My favorite is the flower.


----------



## skynoch (Jun 4, 2010)




----------



## skynoch (Jun 4, 2010)




----------



## skynoch (Jun 4, 2010)




----------



## skynoch (Jun 4, 2010)

taureandragon76 said:


> Got a whole tank shot? Or pics of the build?

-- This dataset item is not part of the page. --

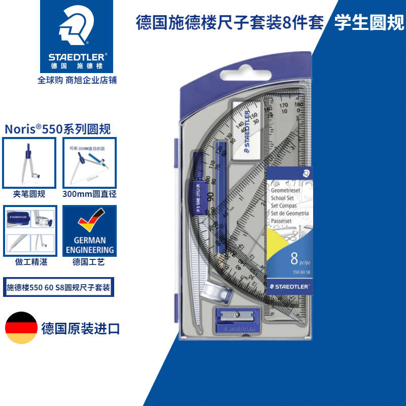 德國STAEDTLER施德樓55060S8學生專業繪圖制圖圓規工具8件套裝
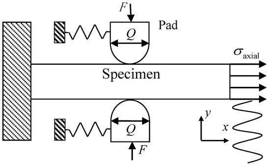 From Figure 4, we can see the experimental setup by a schematic view [53] for contact of two cylindrical pads and a flat specimen. Under the action of normal load F, the two fretting pads maintain the contact. In addition, the coefficient of friction between the contact surfaces is 0.65 [53]. The cyclic axial load is acting on the right side of the specimen. Two springs are attached to the fretting pad, which will generate the tangential load Q, under the combined effect of these loads, so that fretting fatigue will occur around the contact area.

lol man your fast or I'm slow at posting


jm. said:


> nice rays!


Thank you


Diztrbd1 said:


> *Very , very , very cool!*


Thanks


charles said:


> scott, that is insane.... great looking tank... and fish...
> My favorite is the flower.


Thanks, need a few more species to be complete. The flower is getting huge and is really holding her own. My male tiger has show some intrest in breeding with her so hopefully something will come of it.


----------



## eternity302 (Apr 22, 2010)

OMG! Do you have a bestfriend? =) LOL!
Jelousy Jelousy Jelousy!!!


----------



## CloudySky (Apr 22, 2010)

OH MY GOD... That is absolutely amazing!!!


----------



## Mferko (Jun 8, 2010)

WOW, awesome!
if you dont mind me asking, how much did that set you back?


----------



## eternity302 (Apr 22, 2010)

Can we all go over and paint your tank black? i think it'll look more attractive =)


----------



## Mferko (Jun 8, 2010)

its the size of me and my wifes bedroom
suddenly our apartment feels inadequate


----------



## Arghas (May 16, 2010)

WOah.....wow......hehe


----------



## taureandragon76 (Apr 21, 2010)

Wow man, very wicked setup. Obviously you have put some time and a bit of cash into this setup, absolutely amazing.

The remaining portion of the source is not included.